====== LISTED RECORDS

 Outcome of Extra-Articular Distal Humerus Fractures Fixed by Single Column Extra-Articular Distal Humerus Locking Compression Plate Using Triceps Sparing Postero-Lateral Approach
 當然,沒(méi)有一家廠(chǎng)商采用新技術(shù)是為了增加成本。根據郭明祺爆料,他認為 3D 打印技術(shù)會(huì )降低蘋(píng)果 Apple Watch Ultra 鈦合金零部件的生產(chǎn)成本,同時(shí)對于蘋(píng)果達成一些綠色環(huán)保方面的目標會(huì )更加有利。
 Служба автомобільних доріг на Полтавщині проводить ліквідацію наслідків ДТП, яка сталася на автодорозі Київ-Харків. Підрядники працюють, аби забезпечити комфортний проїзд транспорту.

============
====== LISTED RECORDS

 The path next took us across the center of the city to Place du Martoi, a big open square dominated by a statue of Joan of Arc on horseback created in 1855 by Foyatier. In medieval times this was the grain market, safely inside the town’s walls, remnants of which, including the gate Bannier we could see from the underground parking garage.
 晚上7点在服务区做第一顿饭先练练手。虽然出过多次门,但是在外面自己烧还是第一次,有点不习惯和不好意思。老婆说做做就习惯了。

============

ACTIVITY: The entries above hold a line with "Outcome of Extra-Articular" and a later line with "Служба автомобільних доріг". Write out exactly those lines and all lines between, nothing more.

ANSWER AREA:
 Outcome of Extra-Articular Distal Humerus Fractures Fixed by Single Column Extra-Articular Distal Humerus Locking Compression Plate Using Triceps Sparing Postero-Lateral Approach
 當然,沒(méi)有一家廠(chǎng)商采用新技術(shù)是為了增加成本。根據郭明祺爆料,他認為 3D 打印技術(shù)會(huì )降低蘋(píng)果 Apple Watch Ultra 鈦合金零部件的生產(chǎn)成本,同時(shí)對于蘋(píng)果達成一些綠色環(huán)保方面的目標會(huì )更加有利。
 Служба автомобільних доріг на Полтавщині проводить ліквідацію наслідків ДТП, яка сталася на автодорозі Київ-Харків. Підрядники працюють, аби забезпечити комфортний проїзд транспорту.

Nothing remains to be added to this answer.